PROVIDED DATA:
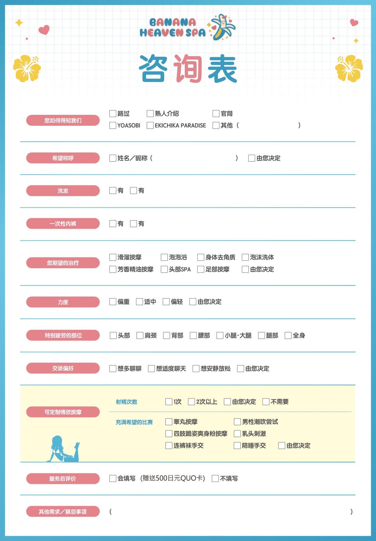 在敝店,我们会使用这份表格,与理疗师一同决定服务内容。
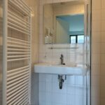 De slaapkamer is via een schuifdeur vanuit de woonkamer bereikbaar en biedt voldoende ruimte voor een tweepersoonsbed en kastruimte. De aangrenzende badkamer is modern afgewerkt en volledig betegeld. Deze beschikt over een inloopdouche, wastafel met spiegel en een handdoekradiator. Het toilet is separaat, bereikbaar vanuit de hal, deels betegeld en voorzien van een fonteintje. Daarnaast vind je in de hal de meterkast en een praktische berg-/stookruimte met wasmachineaansluiting en extra bergruimte.
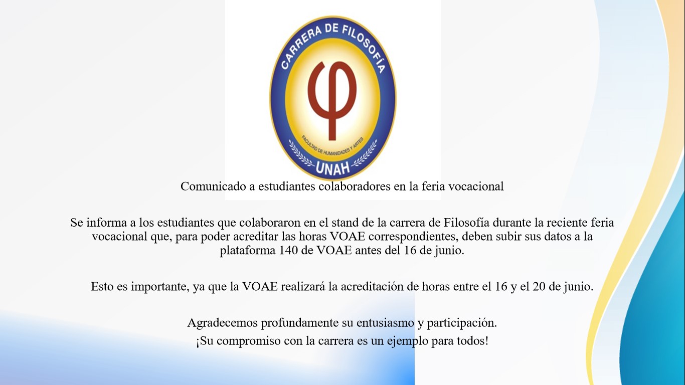 Comunicado a estudiantes; colaboradores en la feria vocacional.
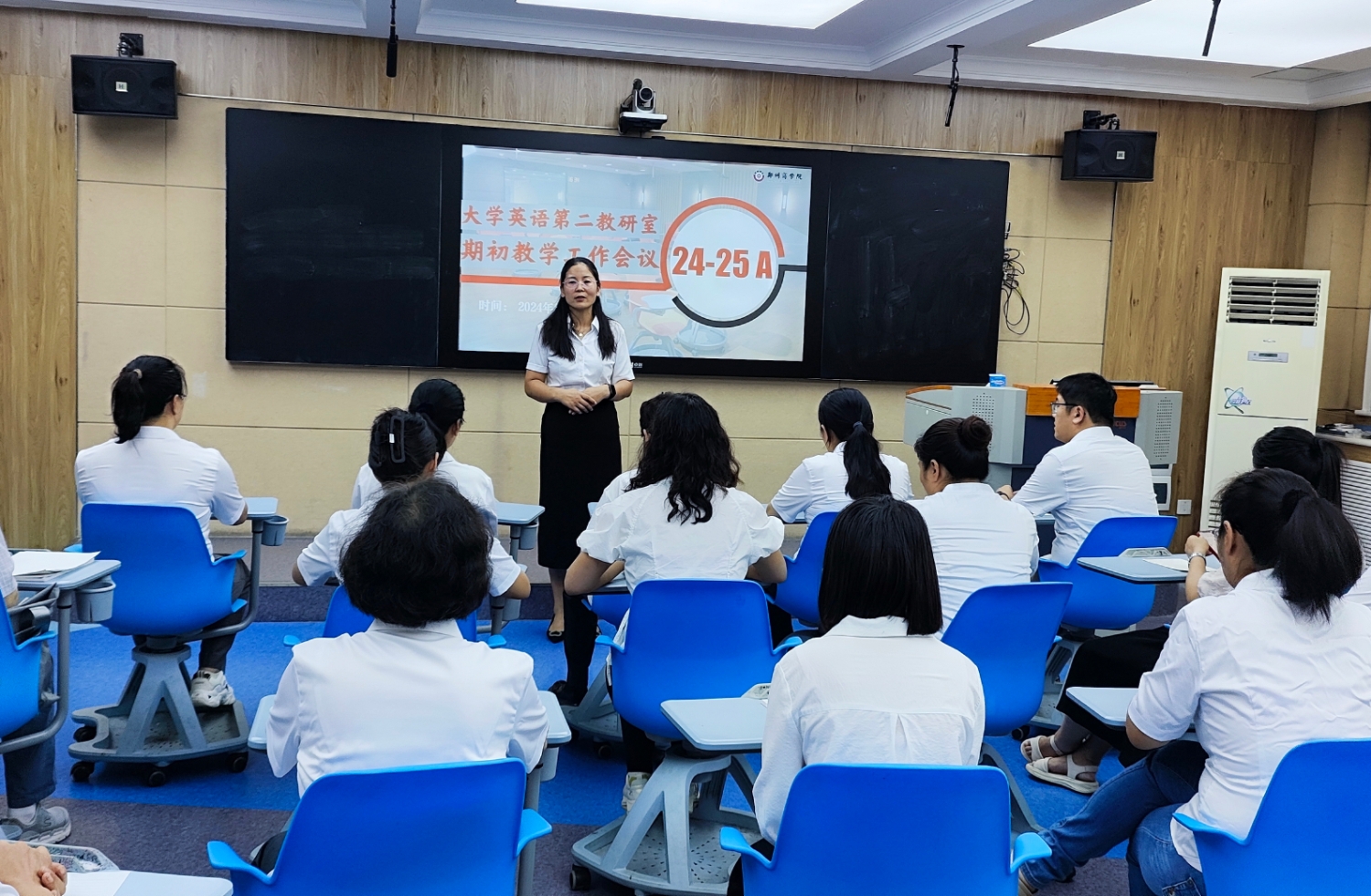 在新学期即将开始之际,外国语学院大学英语第二教研室全体教师于8月29日上午在W104召开了期初教学工作安排会议。此次会议由大学英语第二教研室主任王霞老师主持,旨在总结以往教学经验,展望未来大学英语持续改革,确保新学期工作的顺利开展。

BRIEF:
Take the lines from the one holding "Comunicado a estudiantes;" through the last line of the data above and copy them exactly, both ends included, omitting all pictures.

FINAL ANSWER:
 Comunicado a estudiantes; colaboradores en la feria vocacional.
 在新学期即将开始之际,外国语学院大学英语第二教研室全体教师于8月29日上午在W104召开了期初教学工作安排会议。此次会议由大学英语第二教研室主任王霞老师主持,旨在总结以往教学经验,展望未来大学英语持续改革,确保新学期工作的顺利开展。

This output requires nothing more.